Speaking to Down To Earth, Wilson said, “I do not understand why the Prime Minister did this. This is purely for self-glorification. What will the sanitation workers get out of it?” he asked.

He also noted that on an average, 150 manual scavengers die annually, cleaning open sewers. “At least 105 died last year. And 137 died in the year before. And these are the documented cases. Many such incidents are not even documented.”

“The question is not of symbolism. Symbolism is necessary at times,” Paul Divakar from the National Campaign on Dalit Human Rights told Down To Earth.

“There are two things here. We want to eliminate the practice of manual scavenging in India. And then, there is a whole government programme called the Swachh Bharat Abhiyaan on which crores are spent annually. Swachh Bharat is mostly reliant on Dalit women sweepers. Total mechanisation of the process of cleaning waste is a prospect that is still far away in India. Till then, it will be Dalits, mostly women who would be shouldering the burden,” he noted.

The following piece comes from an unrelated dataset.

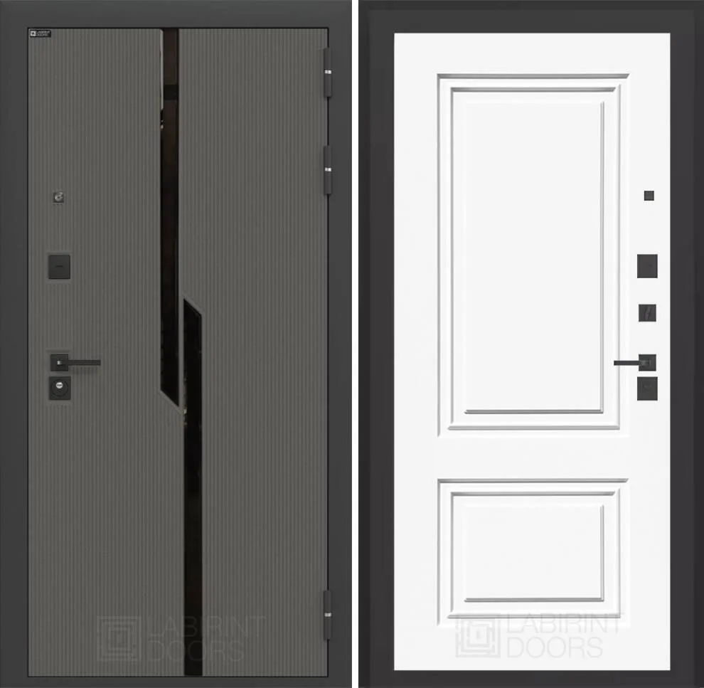 Снаружи — декоративная МДФ панель с черным стеклом фацет в цвете "Лофт графит" с металлическим наличником и черным муаром.
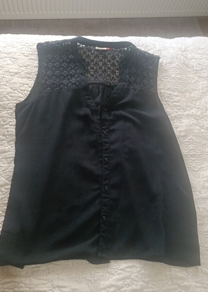 Tül üst kısmı dantel versiyonlu şık gömlek

Divakar added, “We should see to it that Dalits, who have been forced into cleaning sewers for no other reason than the sanction of the caste system, are accorded dignity of labour like those working for cleaning waste in other countries. And here, the Prime Minister needs to set an example in breaking these age old caste prejudices by the total elimination of this inhuman practice of manual Scavenging. Otherwise it remains a great optics but nothing more.”

Prakash Ambedkar, grandson of Babasaheb Ambedkar, was even more scathing in his criticism.

“This tradition, of washing the feet of the lowest of the low exists in Christianity, not in the ideology that the Prime Minister believes in. Has he become Christian?” he asked Down To Earth.

“The Prime Minister has never spoken about incidents in which Dalits were targeted during his reign. This is merely a gimmick. But it is not going to help him as Dalits know him, his ideology and that of his followers,” said Ambedkar.